**Dataset records:**

----

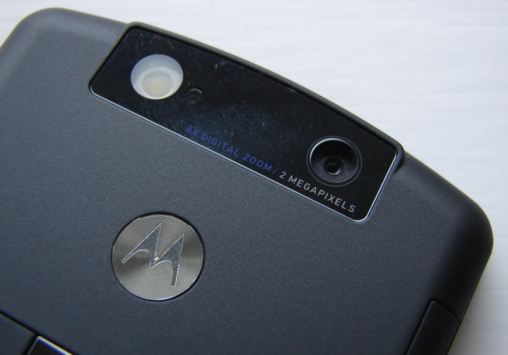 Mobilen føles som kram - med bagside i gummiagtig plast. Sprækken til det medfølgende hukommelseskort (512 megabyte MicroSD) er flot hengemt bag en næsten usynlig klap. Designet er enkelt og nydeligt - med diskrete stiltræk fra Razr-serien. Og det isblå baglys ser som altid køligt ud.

----

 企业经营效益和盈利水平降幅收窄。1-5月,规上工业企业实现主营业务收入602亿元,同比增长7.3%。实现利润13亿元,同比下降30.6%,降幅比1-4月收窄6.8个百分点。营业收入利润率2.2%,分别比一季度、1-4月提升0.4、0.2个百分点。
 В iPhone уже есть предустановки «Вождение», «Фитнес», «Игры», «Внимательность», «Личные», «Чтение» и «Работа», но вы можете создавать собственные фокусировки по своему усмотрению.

----

**What is required:** The range runs from the line with "企业经营效益和盈利水平降幅收" up to and including the line with "В iPhone уже" in the listing above; please write out exactly those lines and nothing more.

**Response:**
 企业经营效益和盈利水平降幅收窄。1-5月,规上工业企业实现主营业务收入602亿元,同比增长7.3%。实现利润13亿元,同比下降30.6%,降幅比1-4月收窄6.8个百分点。营业收入利润率2.2%,分别比一季度、1-4月提升0.4、0.2个百分点。
 В iPhone уже есть предустановки «Вождение», «Фитнес», «Игры», «Внимательность», «Личные», «Чтение» и «Работа», но вы можете создавать собственные фокусировки по своему усмотрению.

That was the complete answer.